Chairing the session, surface transport minister T G Venkataraman
said the government had set foreign direct investment (FDI) target of about $10 billion a year to develop the countrys infrastructure sector.
The government has made a commitment to increase the investment in this sector to 6 per cent of GDP. However, the funds needed to develop infrastructure cannot come entirely from the budget and the private sector must chip in.
All private investment in the infrastructure sector will be through the build, operate and transfer (BOT) route. The procedure will be fully transparent, Venkataraman said.
In the port sector, he said, 300-400 berths have to be constructed at the major ports. This alone will cost Rs 50,000 crore at current prices. The additional berths are needed to handle the growing cargo traffic.
The estimated growth rate of cargo traffic is 9 per cent and the 11 major ports will be required to handle 850 million tonnes of cargo by 2012.

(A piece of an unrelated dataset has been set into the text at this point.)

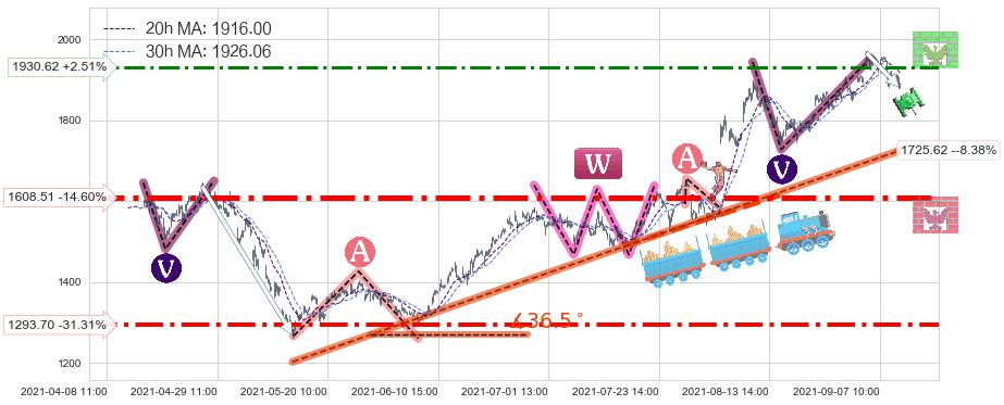 ♞ 20小时均线:1916.00,30小时均线:1926.06→ 快线<慢线

Similarly, in view of the massive funds needed to develop airports, the Centre has allowed state governments to build new airports at greenfield sites in partnership with the private sector.
The surface transport secretary also sought to allay fears that budgetary support to the infrastructure sector will be cut. He also clarified that the cost of land acquisition will not be passed on to the private investor. The cost will be borne by the government, he said.
The minister also clarified that the government will not guarantee returns on investment in the infrastructure sector. This safeguard will be built into the tariff structure when the project is allotted. However, the government will compensate private investors if a project is dropped because of a change in government or policies, he said.